The petitions seek to remove Kamyon Conner, executive director of the Texas Equal Access Fund, and Neesha Davé, deputy director of the Lilith Fund for Reproductive Equity, two nonprofit abortion funds that provide financial assistance to patients seeking abortions.
Both Conner and Davé admitted, in sworn affidavits in state court, that their organizations helped fund abortions “after the period in which heart activity is usually detectable.” This would put them in violation of SB 8, also known as the Texas Heartbeat Act, and expose them to potential lawsuits.
The organizations helped fund those abortions during a brief period last fall when a federal district judge barred enforcement. A higher court quickly overturned this decision; SB 8 specifically notes that an injunction that is subsequently rescinded is no protection against future lawsuits.
This aspect of the law has not been tested in court, and experts say it is unclear whether it would hold up.
“In part, this attempt to obtain a deposition is also an attempt to determine whether claims can be filed based on abortions performed during those few days that SB 8 was not in effect,” Sepper said. .
The depositions also seek to identify who, in the language of the law, “aid and abetted” in these abortions – and the petitions indicate that they take a very broad view of this term. According to the filing, they are seeking information on the role of the funds in facilitating abortions, the identities of the people with whom they have collaborated, and access to documents on the sources of the funds’ financial support.
In a statement, Thomas More Society President Tom Brejcha said the two named abortion funds had “exposed their employees, volunteers and donors to civil and possible criminal liability.”
“Those who fund or help bring about these abortions will be revealed in the discovery,” Brejcha said. “Anyone who has aided or abetted an illegal abortion in Texas is subject to the full force of the law and the imposition of these civil and criminal penalties.”
In response to a call for funds launched by the Lilith Fund, the Thomas More company tweeted a warning, “@lilithfund donors could be prosecuted under SB 8”, and linked to the petitions press release.
Is this a standalone case?
Attorneys for the abortion funds and attorneys for the petitioners disagree on how and where these deposition requests should be made. The dispute centers on the ongoing “multidistrict litigation,” where 14 challenges to the law in state court have been combined in a single courtroom in Austin.
Those cases specifically targeted the anti-abortion group Texas Right to Life and its legislative director, John Seago, and were heard by retired state judge David Peeples. It was in the context of this multidistrict litigation that Conner and Davé filed these affidavits under oath, admitting potential violations of SB8.
In December, Peeples ruled that SB8 was unconstitutional, although he did not ban its application. Texas Right to Life has appealed this decision and all other actions in the case are stayed pending appeal.
The central question is whether these petitions to depose Conner and Davé are related to this case and should be added to the multidistrict litigation. If they are, they too would be prevented from moving forward by the pending appeal, and depositions would not take place anytime soon.

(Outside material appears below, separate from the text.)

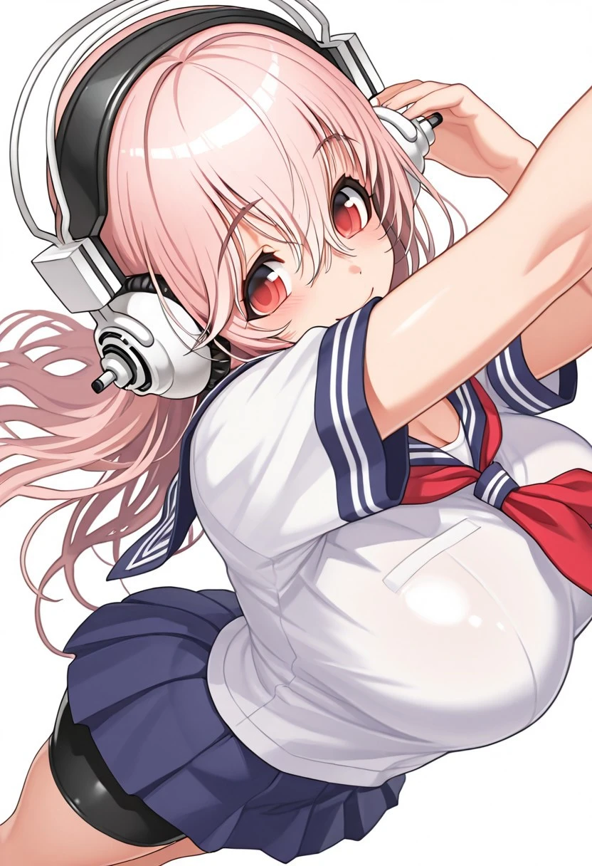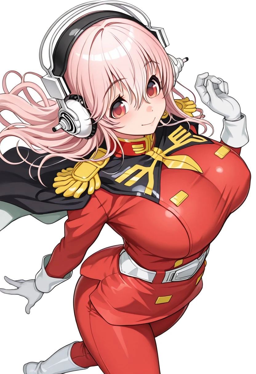 Super_Sonico, Super Sonico, red eyes, pink hair, long hair, head phones, large breasts,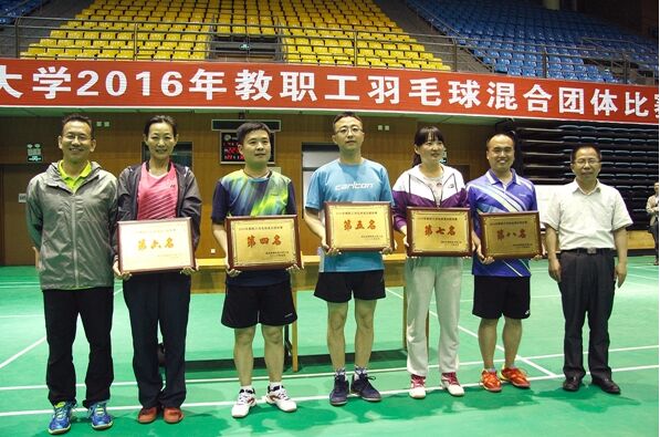 5月12日晚,学校2016年教职工羽毛球混合团体比赛在南校区体育馆胜利落幕。yl23455永利官网羽毛球代表队经过为期5天10个场次的激烈角逐,全体参赛队员奋力拼搏,最后勇夺全校2016年羽毛球团体赛第四名,这也是时隔多年后yl23455永利官网重回种子队行列的辉煌战果!

Jennifer Ecklund and Elizabeth Myers, who represent the Abortion Funds, consider these new petitions “accompanied” cases – the actual legal term – and moved them into the multidistrict litigation.
Mitchell, representing both Texas Right to Life and the women who filed the petitions, filed a motion arguing that these petitions are unrelated to ongoing litigation and should be referred to Jack and Denton counties, where the cases are deposited.
Seago, with Texas Right to Life, said he was not consulted by Mitchell or anyone else before these petitions were filed and had no part in the effort. Mitchell declined to comment; Hughes did not respond to requests for comment.
The next step would be for Peeples to hold a hearing and decide whether the cases are related or not. Attorneys for the Abortion Funds argue that the stay in the multidistrict case prevents Peeples from even taking that step, a position that will likely be challenged by attorneys for the plaintiffs.